Ugolniy is well-known in youth patriotic circles and wants to work on preserving the Russian heritage of the Ukraine, once the Russian military takes it all that is. He sees himself as a culture warrior and wants to create a positive counter-culture to counteract Liberal and Western influence. He is a proponent of the idea of the “Russkiy Mir” (Russian world) and the reunification of the Slavlands.
Ugolniy and his people are quite active and provide drone training to DNR, LNR and Russian fighters in the Donbass. But their main function is providing information to the military command operating in the Donbass. They run a network of pro-Russian sympathizers and informants. Pro-Russians send them information, which they analyze and pass on to military command. Their work has led to several strikes on Ukrainian positions thanks to information provided to them by locals. Internet meme veterans have probably heard of similar volunteer groups providing information to the Russian military and Assad’s government in Syria which led to targeted missile strikes on ISIS training facilities.

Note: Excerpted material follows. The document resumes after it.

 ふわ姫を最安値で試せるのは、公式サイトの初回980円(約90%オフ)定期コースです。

So, basically, you’re telling me that the cyberwar is quite real and not just people posting memes at one another.
Yes, it is, and if anything, we were unprepared for it. At least from the side of the Russian government which wasn’t prepared at all. Unfortunately, the Ukrainian side was prepared, and everything that we do, well they do the same thing to us. They too get information sent to them by sympathizers and spies in Ukraine. In the DNR [Donetsk People’s Republic] and the LNR [Lukanshk People’s Republic], the problem is not as apparent anymore. But, for example, in 2017, Ukrainian sympathizers were paid 200$ to help correct and coordinate artillery fire coming from the Ukrainian side on militia positions. They went up to high vantage points and phoned in correct striking coordinates to the Ukrainian side. These people helped the Ukrainians bomb their own people – their neighbors, for less than 30 pieces of silver. This is an endemic problem. At least in the Donbass now, the Russian counter-intelligence operation has been set up and deals with this problem. As a result, we do not work on sniffing out spies on our territories anymore and leave it to the professionals.

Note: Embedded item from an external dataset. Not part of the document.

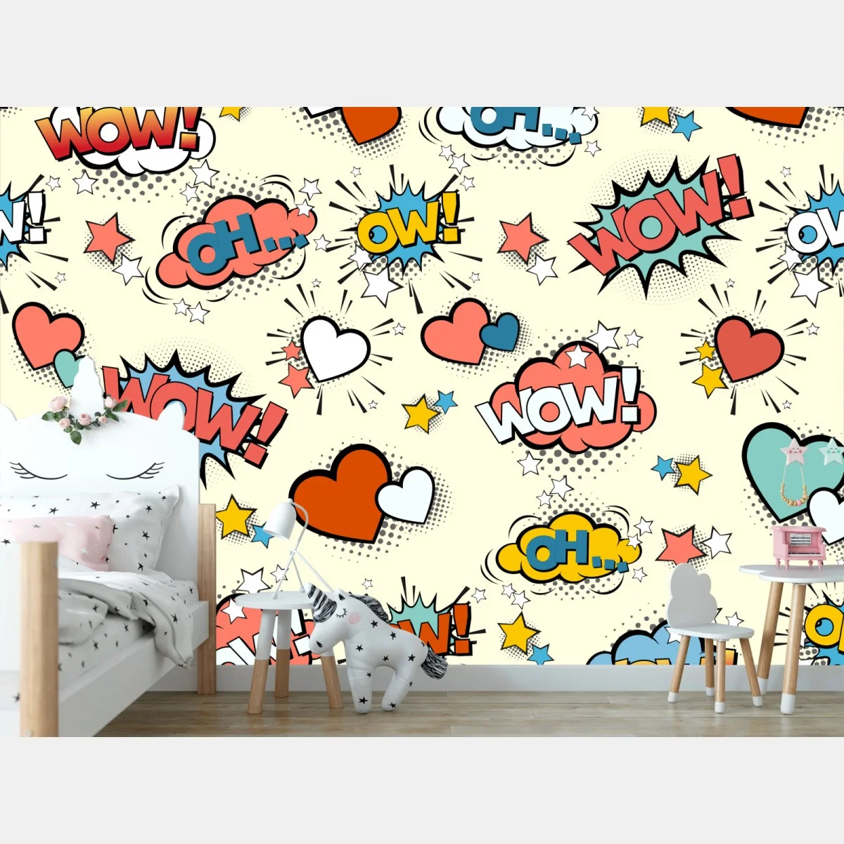 Carta da parati Motivo pop art con fumetti e cuori

We would also fight Ukrainian bots by launching DDOS attacks on them. So, if we were to uncover an information-trawling Ukrainian bots operating on social-media, we would take them offline by spamming them with messages and stickers causing an overload and a 404. Again, we don’t do this as much anymore now that the professionals have finally gotten their act together, but it was a very active front for us in the first days of the war.
Tells us more about yourself, Ugolniy. You use a nom de guerre - is there a reason for this?
Well, first of all, I spent my childhood in Donetsk. Then I went to study in Odessa and returned to Donetsk just as the troubles started.
In 2014, the situation came undone at a frightening pace and, seeing as I was always a politically vigilant young man, I was very aware of what was going on. I followed the events of Maidan closely. In February, when the protests started in Crimea and then the Russian military swooped in to save them, I expected the same thing to happen to us in the East. We had a hope that we would be able to effect a political movement that would bring us back into the fold of Russia. We thought that we could seize the local government buildings, declare independence and then wait for help. That was the plan.
In Kharkiv, they succeed in taking some government buildings, but the SBU [Security Service of Ukraine] was sent in by Kiev and the rebellion was put down in a bloody way. In Donbass, we had more success though as you know.
As May came, Russians were burned alive in Odessa and that angered us all. I was ready to run off to join Igor Strelkov and his rebellion when I heard the news then and there. Hearing about this, my dad belted me in the face and told me in no uncertain terms that he wouldn’t let me go, and that dashed my hopes of joining the rebellion. But, nonetheless, I decided to start getting politically active under a nom de guerre at that time in my own way. Because of spies and Ukrainian terrorism, hiding my identity was very important.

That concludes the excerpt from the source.